The diminished department gathers the low hanging fruits, concentrating on the proportion of cases that are easy to settle. While the top bosses are useless, there are inspectors finding innovative ways to detect evasion, and there is help from windfalls like the Luxembourg info and the declining use of cash.
However a smaller proportion of dodges are challenged by a declining HMRC, and the number of people evading or using avoidance schemes swells as they perceive that others are getting away with it.
Of course you have long argued that HMRC underestimates the tax gap. So the tax gap estimates could rise even while HMRC was successfully tackling it if they had conceded you were right all along, -but I don’t think this has happened.
“… HMRC also needs to explain why the amount of tax it claims to have recovered from its compliance work rises sharply each year, but the size of the tax gap (the difference between the amount of tax that it collects and how much it should, in theory, collect) stays the same…”
Oh dear, not one of Lin Homer’s old tricks I hope.
Surely not?
There must be some mistake….
HMRC are pitiful when it comes to collecting taxes from those whoo make most and abuse most.
It appears to me that when the little man works and tries to do what is right by HMRC they then proceed to hound you for years.

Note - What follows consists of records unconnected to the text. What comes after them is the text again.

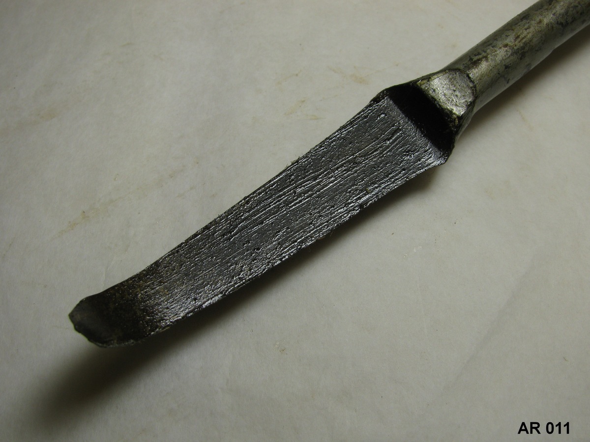 Ronde ijzeren steel met taps toelopend, tweezijdig snijdend mes (driehoeksvorm). Met lang houten handvat met ijzeren ring, taps toelopend. Zilver, bruin.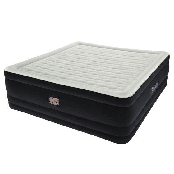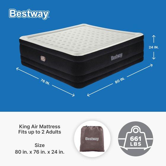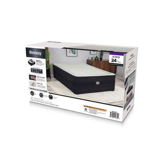Wake up renewed and refreshed on the Bestway® Tritech® Air Mattress! This King-sized mattress promises strength, durability and comfort all night long. Its compact size and built-in pump make it quick and convenient for use whenever you need it. Durable Construction: With a comfortable sleeping surface and sturdy construction, a great night’s sleep is right around the corner. The internal structure of this mattress is made with Tritech material offering durability and strength, while also allowing the mattress to keep the same shape no matter how many times it's inflated and deflated. Specifically engineered for firmness, this material minimizes air loss throughout the night. Tritech material increases internal stretch-resistance and provides contoured support for all night comfort. This durable, stress-tested material can withstand all of the weight and movement that comes with a great night’s sleep. Simple Setup: This air mattress inflates in 6-7 minutes so it is ready for mattress when you are. The built-in pump allows for easy inflation, and the quick deflate screw valve allows for easy deflation after use. Simply place your flattened mattress in the included carrying bag for easy transport and storage.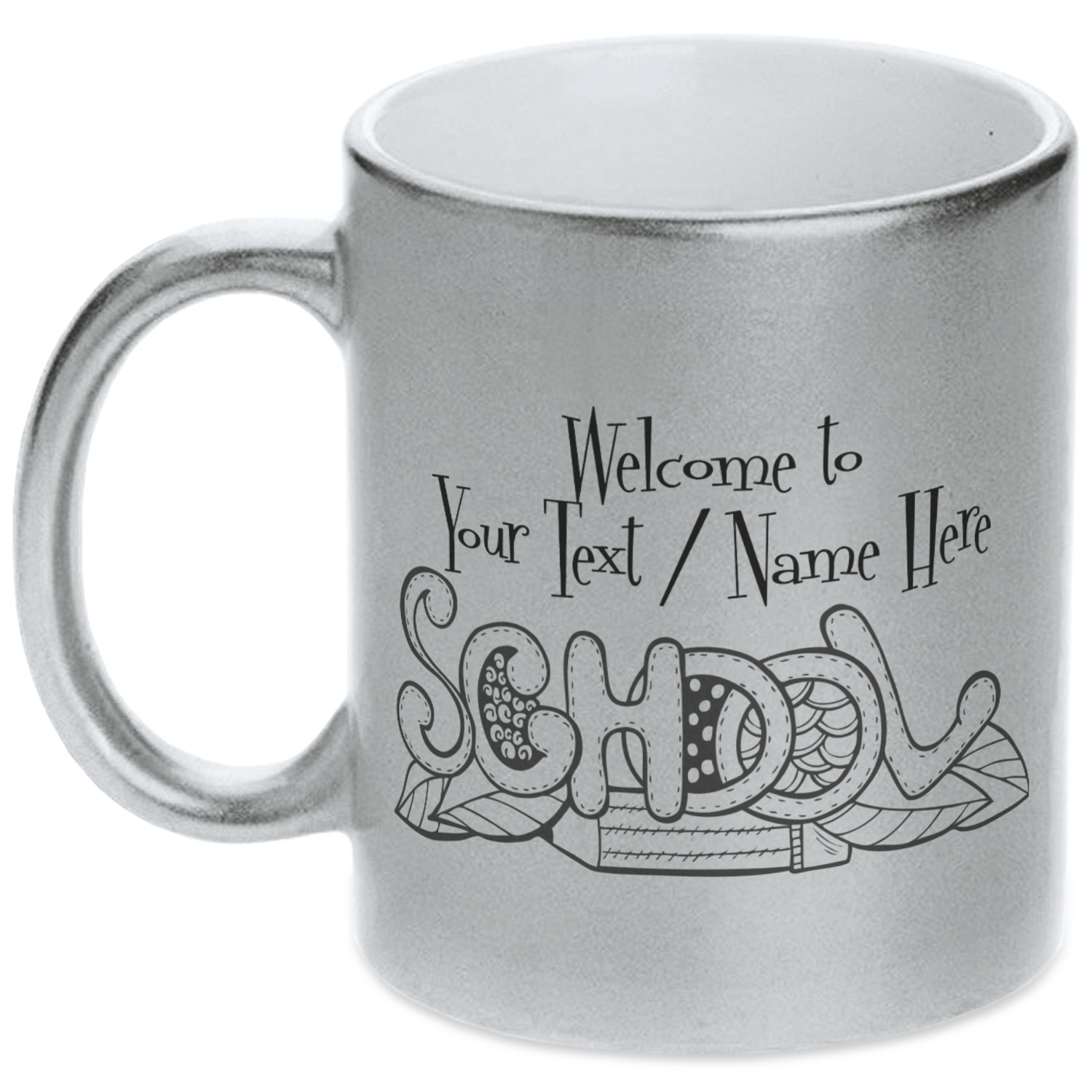 Our custom mugs are ceramic, which is great for keeping your tea or coffee warm! We offer two metallic mugs to personalize - Silver or Gold. Both styles hold around 11oz and have dimensions of approximately 3.75" x 3.5" x 4.75". Both the metallic mugs come in a matte finish and have glitter detailing to add a more pristine feel to the gold and silver base colors.

My step father worked after retirement for a couple of years and self submited but gave up working to look after my mum. He told them when he did, and he submitted his tax return. That was years ago, but every year they hound him and tell him he owes them money and every year he tells them he owes nothing because he has not worked. He’s 75 and already pays tax on his pension.
HMRC are a very bad joke.
HMRC’s online tax return submission computer systems do not automatically capture the content of any notes on SA Tax Returns. These have to be entered manually. However, but after further automated centralisation of tax return processing I’m not sure if and how returns submitted with such notes on them are selected to be passed to staff to update the individual’s SA computer record.
I suggest that your step-father notify HMRC, preferably by writing a letter detailing the circumstances which led to him having to give up working to look after your mum, including the date on which this occurred, the date he first included this information in his SA Tax Return and the year of the return. For example, the Year to 5 April 20??. Enclose a photocopy of the relevant note to this return for the earlier year if possible.
Ask HMRC to urgently
1. review if your father’s other income requires that he should be issued with a Self Assessment Tax Return annually
2. take action to cancel the issue of any SA Tax Return for future years
3. if necessary, take action to ensure that his SA records are updated to show that no additional tax was payable in the earlier years
4. if appropriate, that any penalty, surcharge and or interest charged to his SA Statement of Account be reduced to NIL
5. confirm in writing that this has been done
I hope that this advice will help your step father to avoid the annual stress of this institutionalised inefficiency imposed by HMRC’s Executive Committee.
Thanks for that Alex, I will talk to him about it today.